The opportunities of AI are global, but so are the threats. It is obvious that significant co-ordination and co-operation in scientific research will be essential. In that context, could the Minister explain how cutting ourselves off from the world’s biggest scientific research programme helps the United Kingdom?
The hon. Gentleman is right: we absolutely all see the huge potential of AI, but we must not be complacent about the risks. That is why the UK, in leading the AI summit and bringing together all parties from around the world, will ensure that we establish world-leading governance and regulation, so that we can take the opportunities while ensuring public safety and trust.
Talking of AI, I call Jim Shannon. [Laughter.]

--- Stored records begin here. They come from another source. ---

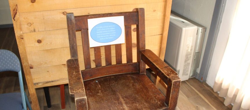 The juror’s chair from the Sheridan County Courthouse around 1906.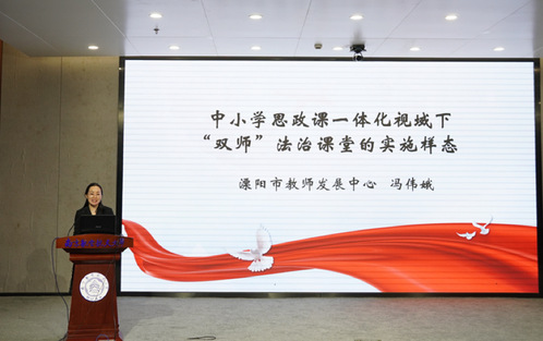 溧阳市教师发展中心中学思政研训员陈慧老师以《基于思政课一体化建设的中小学法治教育创新实践的溧阳样本》为专题,具体介绍了溧阳市开展法治教育创新实践的形式及成效。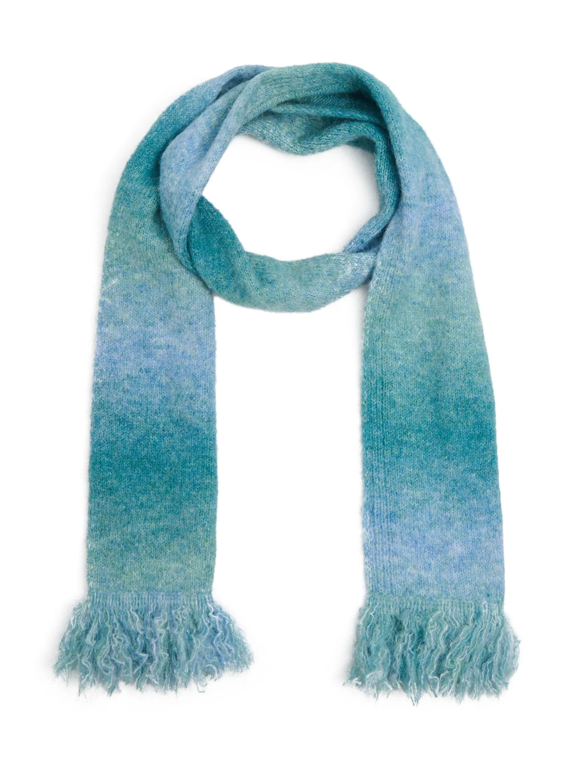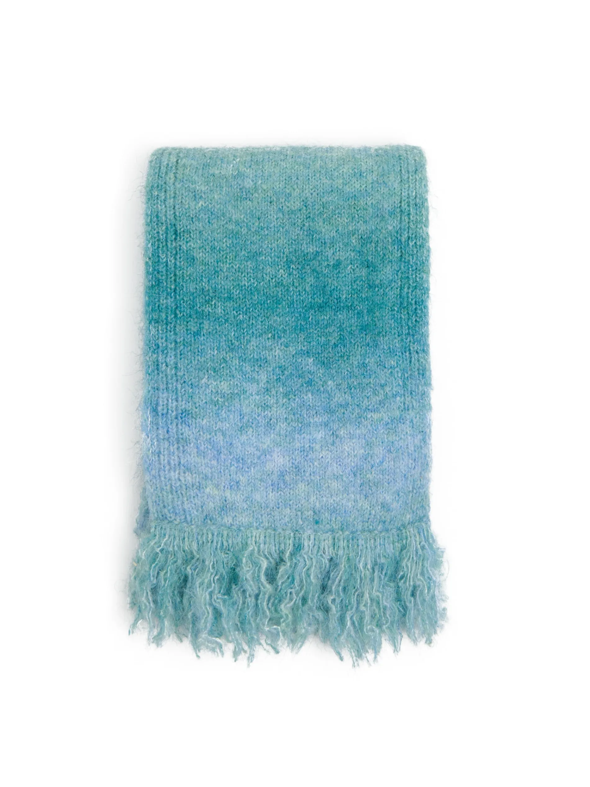 Łap damski szalik uszyty z mieszanki dzianin z dodatkiem wełny. Przyjemny w dotyku materiał i ozdobne frędzle na końcach nawiązują do klasycznego designu. Dekoracyjne cieniowanie na materiale, to znak nowoczesnego looku! uszyty z dzianiny zawierającej domieszkę wełny prosty krój długie, dekoracyjne frędzle na brzegach

Never! Humour aside, may I thank the Minister very much for her response? It has been quite positive. Given that artificial intelligence will have a significant impact on international relations, will she provide reassurance that all AI advances must and will be scrutinised to a greater extent, for the safety of the people in the United Kingdom of Great Britain and Northern Ireland?
Mr Speaker, I assume that your reference was to the hon. Member’s great intelligence, because that is what artificial intelligence is demonstrating it can be. It is always a joy to support what he says and answer his questions, and he is exactly right: by working through those international relationships, with the UK driving things and holding that really important leadership role, we want to be able to bring countries together through bilateral engagement, using the many multinational fora out there to really ensure that we are tackling and understanding those threats. We need to provide an environment in which, as AI develops, we can maintain oversight while ensuring that we take advantage of opportunities that will bring economic prosperity. I look at the work that we are doing across the world, and I see how it can assist developing countries to safely leapfrog ahead with technologies in so many ways.

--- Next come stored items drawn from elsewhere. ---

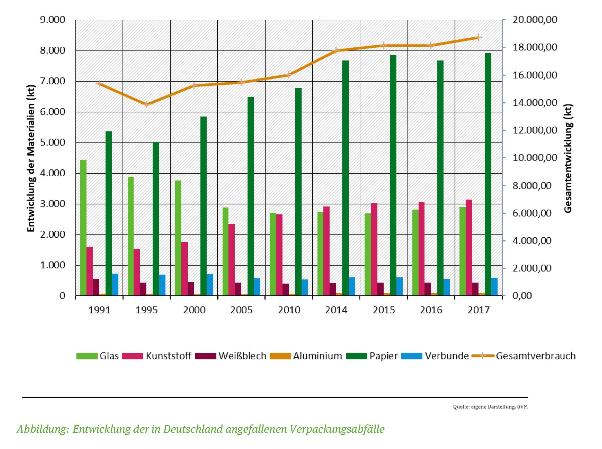 Entwicklung der in Deutschland anfallenen Verpackungsabfälle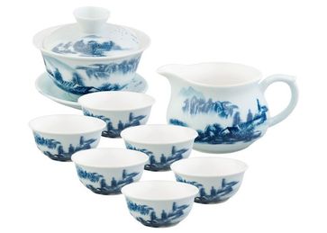 Подарочный чайный набор из фарфора для проведения чайных церемоний: гайвань 160 мл, ча хай 180 мл, чашки 30 мл.Подглазурная роспись. None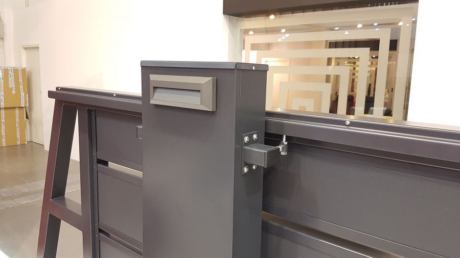 В комплект с откатными воротами поставляются 2 роликовые опоры 2 направляющих ролика, профиль 80×40 мм с врезанным замком, 3 столбами и тормозами, ловителем и ручкой.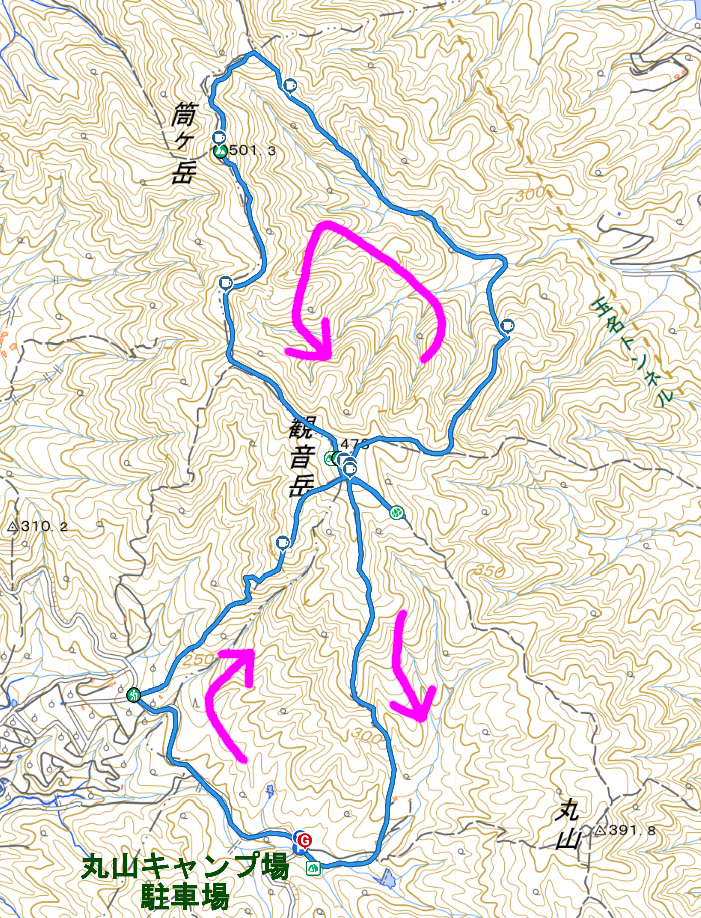 熊本市 丸山キャンプ場駐車場 −−−−−− 登山開始 −−−−−− 丸山キャンプ場駐車場 紅葉ロード 唐渡岩コース 観音岳 北東斜面ルート 筒ヶ岳 七峰台 観音岳 うさぎ石 観音岳 観音岳コース 丸山キャンプ場駐車場 −−−−−− 下山完了 −−−−−− 丸山キャンプ場駐車場 熊本市 |

I call the shadow Minister.
We have all seen how hybrid warfare has been used against this country and our allies in recent years, and of course AI systems could pose new cyber and information threats as well as providing economic and social opportunities. We have already called on the Government to close gaps in the AI White Paper by introducing proper oversight of models such as GPT-4, and I have raised with Ministers the specific issue of whether access is allowed in the FCDO. I was told that access was not permitted on FCDO corporate systems, but that further guidance was being developed. Has that guidance now been issued, and are FCDO staff currently able to access AI systems on personal devices, for example? What safety protocols are in place?
If I may, I will write to the hon. Gentleman, because I do not have the latest information on that issue.

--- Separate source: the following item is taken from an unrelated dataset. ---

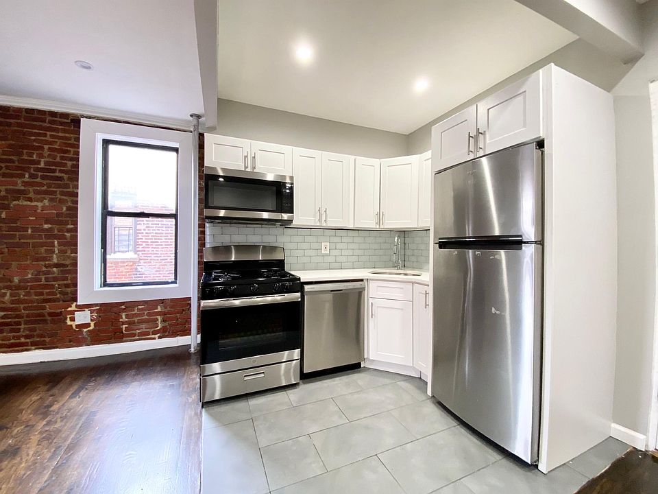 STUNNING GUT RENOVATED 2 BEDROOM 1 BATH IN PELHAM PARKWAY Apartment features: Open style kitchen with stainless steel appliances, dishwasher, microwave Hardwood floors Exposed brickwork Recessed lighting throughout Large windows with natural sunlight King & queen size bedroom Fully tiled bathroom Elevator in building Laundry in building Within walking distance to the 5/2 train line Super quiet and well maintained building Owner pays heat and water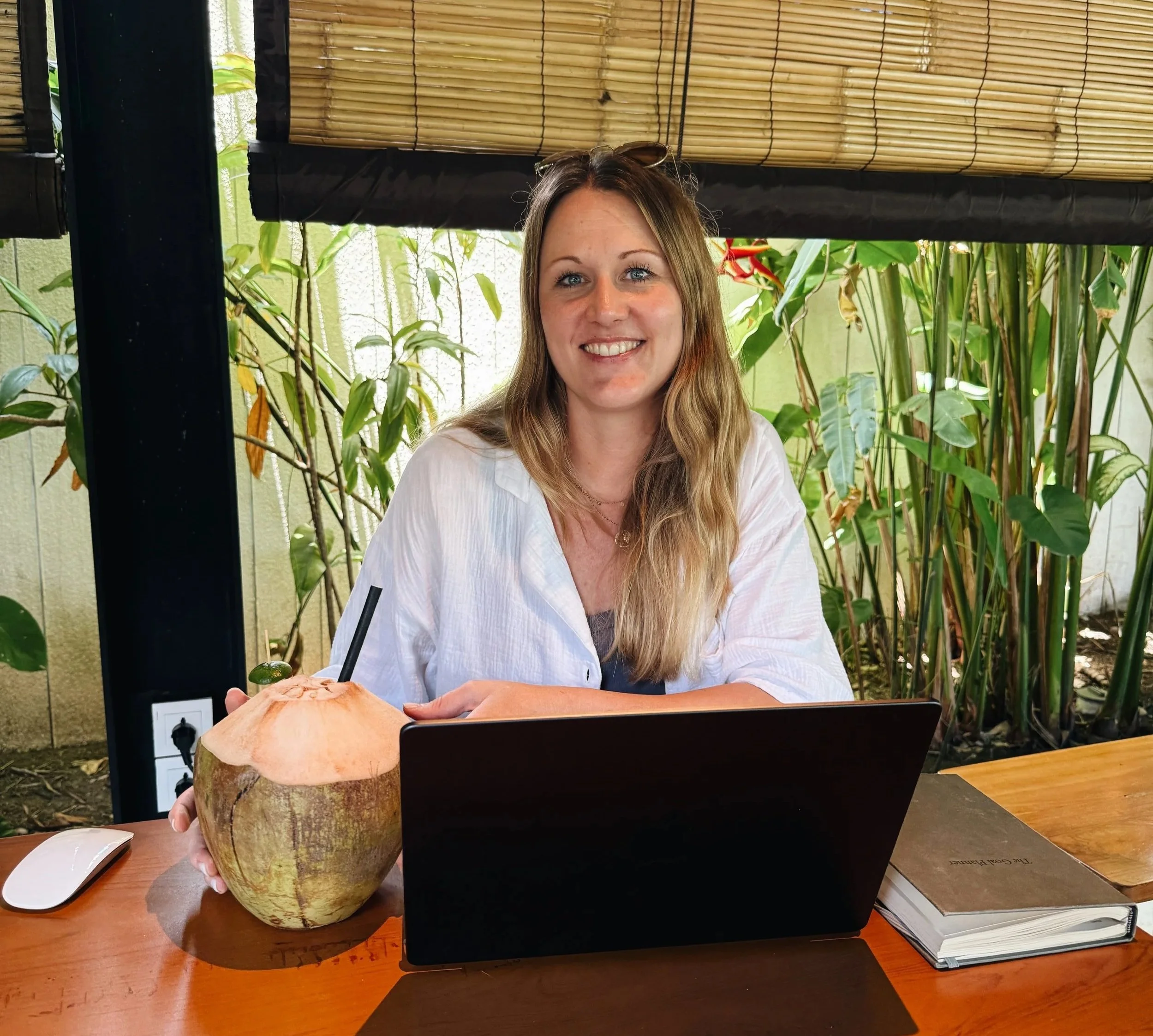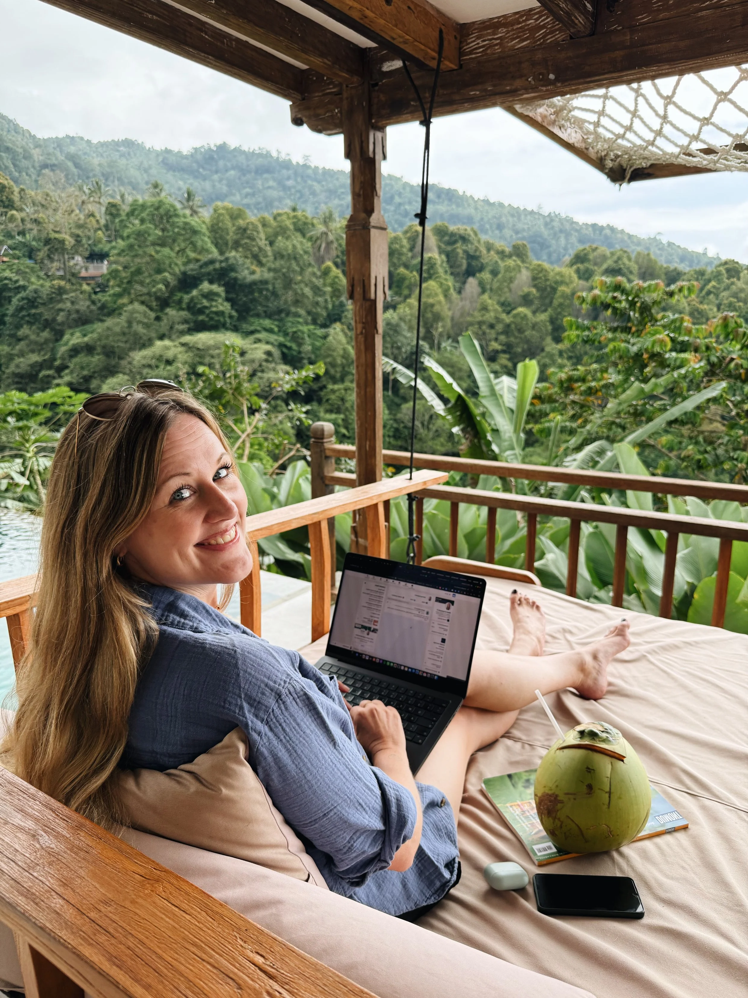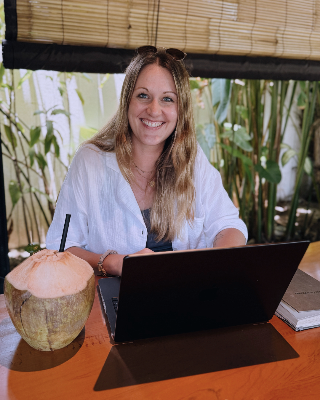 Mittlerweile arbeite ich dort, wo es Sonne und frische Kokosnüsse gibt. Ich habe 3 Jahre Selbstständigkeit und etliche Projekte als Social Media Managerin im Gepäck. Mein Business läuft und ich habe eine klare Mission: kein weiteres Jahr Akquise-Achterbahn für dich.

I call the SNP spokesperson.
As we have heard, artificial intelligence presents opportunities but also threats, many of which are impossible to quantify at this time. That is as true in AI diplomacy as in anything else, so at the world’s first major AI conference, will the UK Government commit to developing and facilitating AI only with countries that respect human rights and will obey the rules of international law?
As we bring the world together at the AI summit in the autumn, we want to have discussions with all our international partners about what the rules of the road need to be. The UK Government are absolutely going to be leading on making sure that the facilitation of AI in every sphere of our lives takes place within a framework that provides safety and gives trust to both our citizens and the rest of the world.